Problem to work on: Would you give the listing back word for word once its pictures are removed?

Dataset section:
◇ ◇ ◇

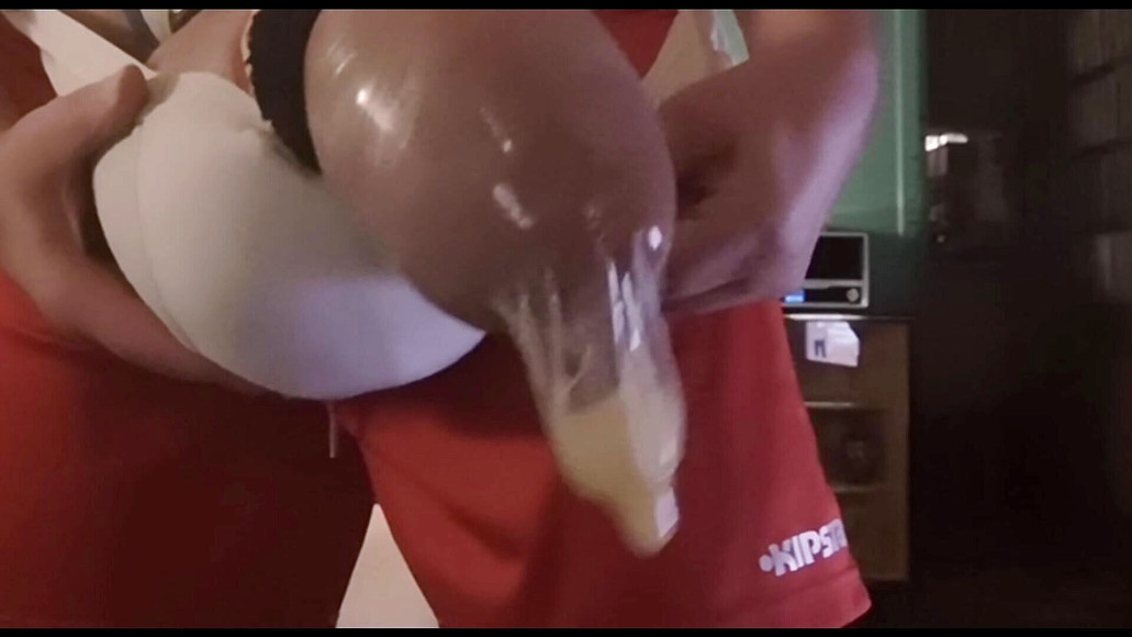 Honění s naplněným kondomem se 4 náklady uvnitř
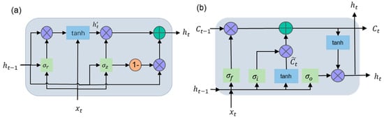 Architectures of (a) gated recurrent unit and (b) long short-term memory. σr and σz stand for the logical sigmoid function of the reset gate and the update gate. σf, σi, and σo stand for the logical sigmoid function of the forget, input, and output gates at t-th time step.
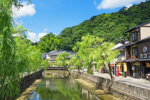 城崎温泉は日本海側の北部エリアにあり、川に柳の枝が垂れ下がる風景が温泉情緒たっぷり!
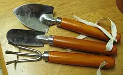![]() Gardening toolsUsing gardening tools is optional; most of your gardening can be done with your hands. It might help you to buy small gardening tools, and these can include a trowel which is a small shovel for moving big amounts of soil, a transplanter which can help dig narrow holes or move the roots of your plant, and a cultivator which can help make the soil loose. You may be able to use silverware like a spoon or a fork, if you don't want to buy special tools. There are other tools you can buy, but for most gardening, you will not need anything else.

◇ ◇ ◇

Solution for this problem:
 Honění s naplněným kondomem se 4 náklady uvnitř
 Architectures of (a) gated recurrent unit and (b) long short-term memory. σr and σz stand for the logical sigmoid function of the reset gate and the update gate. σf, σi, and σo stand for the logical sigmoid function of the forget, input, and output gates at t-th time step.
 城崎温泉は日本海側の北部エリアにあり、川に柳の枝が垂れ下がる風景が温泉情緒たっぷり!
![]() Gardening toolsUsing gardening tools is optional; most of your gardening can be done with your hands. It might help you to buy small gardening tools, and these can include a trowel which is a small shovel for moving big amounts of soil, a transplanter which can help dig narrow holes or move the roots of your plant, and a cultivator which can help make the soil loose. You may be able to use silverware like a spoon or a fork, if you don't want to buy special tools. There are other tools you can buy, but for most gardening, you will not need anything else.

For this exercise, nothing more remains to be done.